Parasymmetrorbione

Scientific classification
- Kingdom: Animalia
- Phylum: Arthropoda
- Class: Malacostraca
- Order: Isopoda
- Family: Bopyridae
- Subfamily: Orbioninae
- Genus: Parasymmetrorbione An, Boyko & Li, 2013
- Species: P. bicauda
- Binomial name: Parasymmetrorbione bicauda An, Boyko & Li, 2013

= Parasymmetrorbione =

- Genus: Parasymmetrorbione
- Species: bicauda
- Authority: An, Boyko & Li, 2013
- Parent authority: An, Boyko & Li, 2013

Genus of crustaceans

Parasymmetrorbione is a genus of isopod containing a single species, Parasymmetrorbione bicauda.

==Etymology==
The name of the genus was chosen because of its apparent close relationship with the Asymmetrorbione genus.

==Distribution==
Parasymmetrorbione bicauda inhabits the waters of the South China Sea.

==Description==
Like most Bopyridae species, the female is quite larger than its male counterpart.

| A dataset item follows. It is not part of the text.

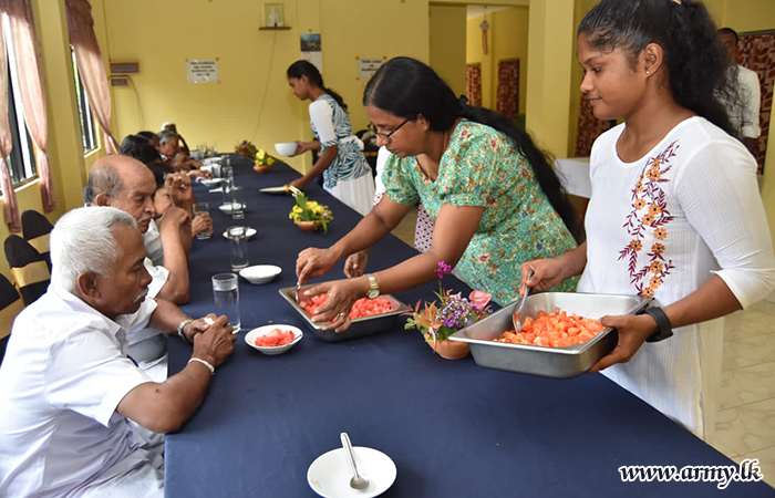 Members of Military Intelligence Corps - Seva Vanitha Branch (MIC - SVB) launched its monthly alms-giving program Warusavithana Elders’ Home at Ambalangoda on 25 May 2024 under the guidance of Mrs. Prashadini Ranasinghe, the Chairperson of MIC - SVB.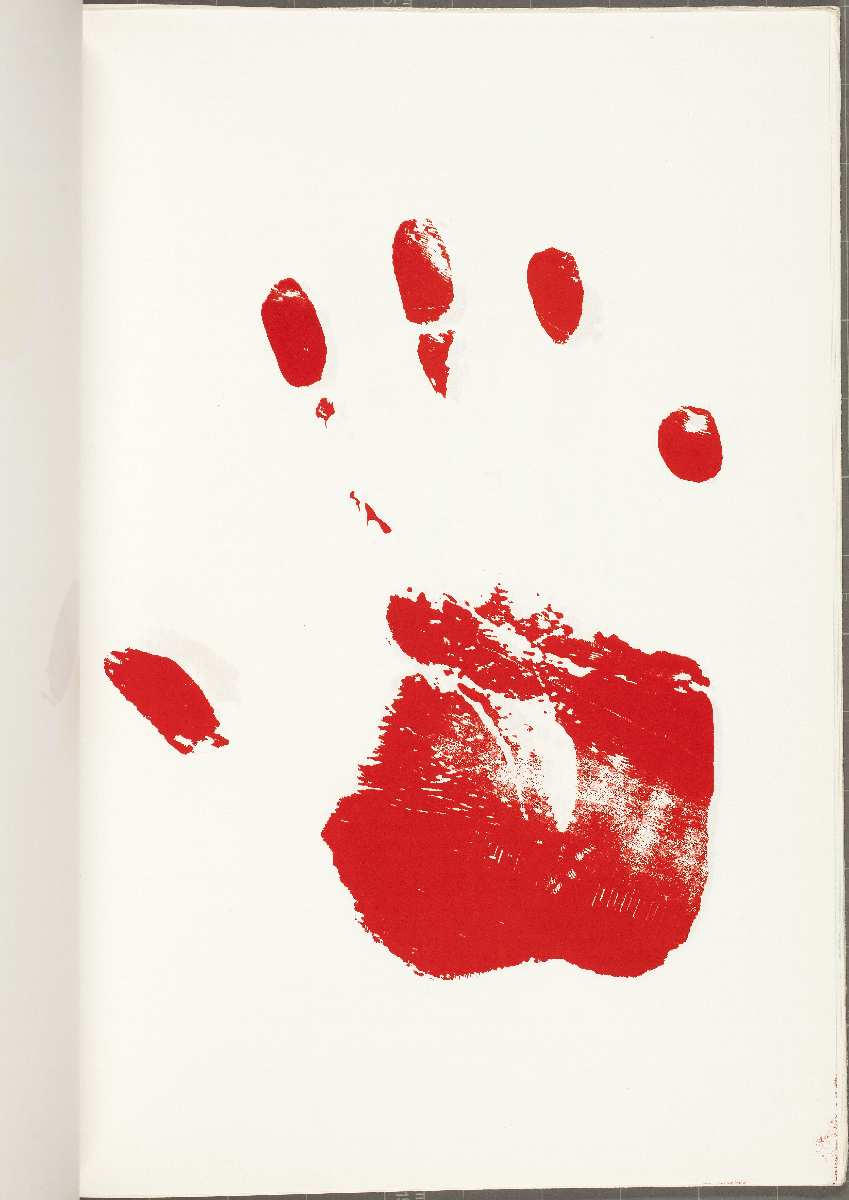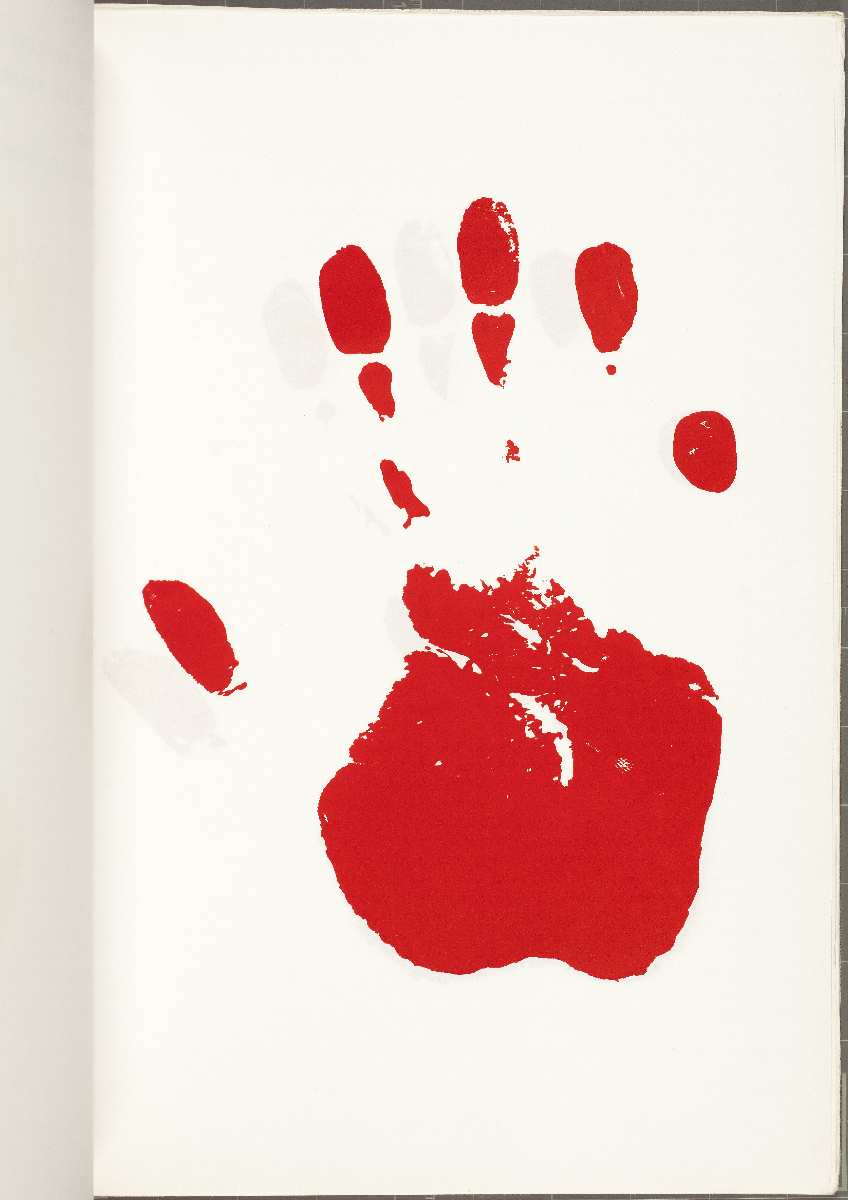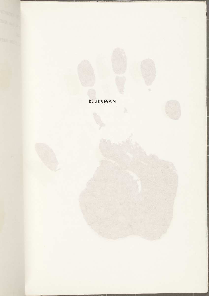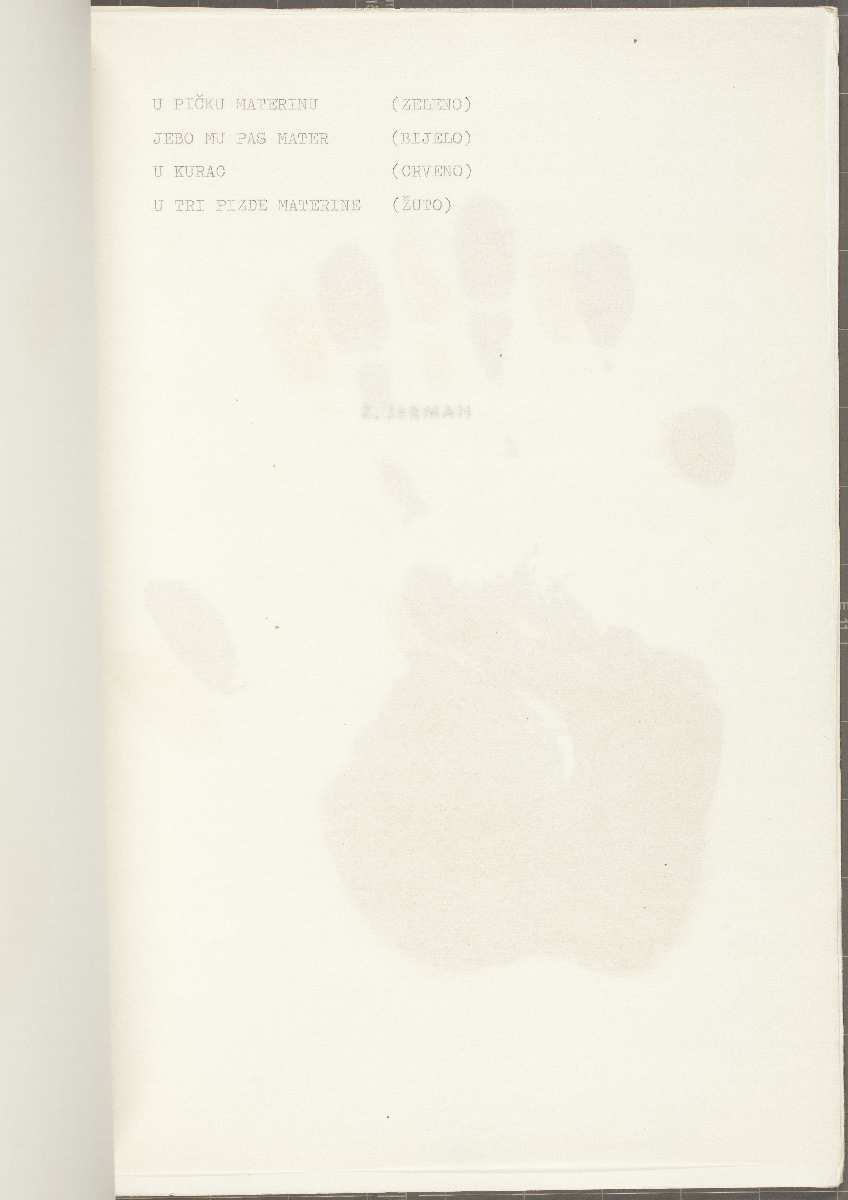 Željko Jerman from series (1-9): na foliju otisnuta šaka premazana dek bojom (2.3.4. otisak)

The females measure 11.57mm long; 9.67mm wide. The males have been recorded to be 4.1 mm long; 1.61 mm wide.

==Parasitism==
Like all species of the subfamily Orbioninae, P. bicauda parasitize the branchials of penaeid shrimp. P. bicauda has been found to infest two species of Solenocera: Solenocera comata and Solenocera alticarinata.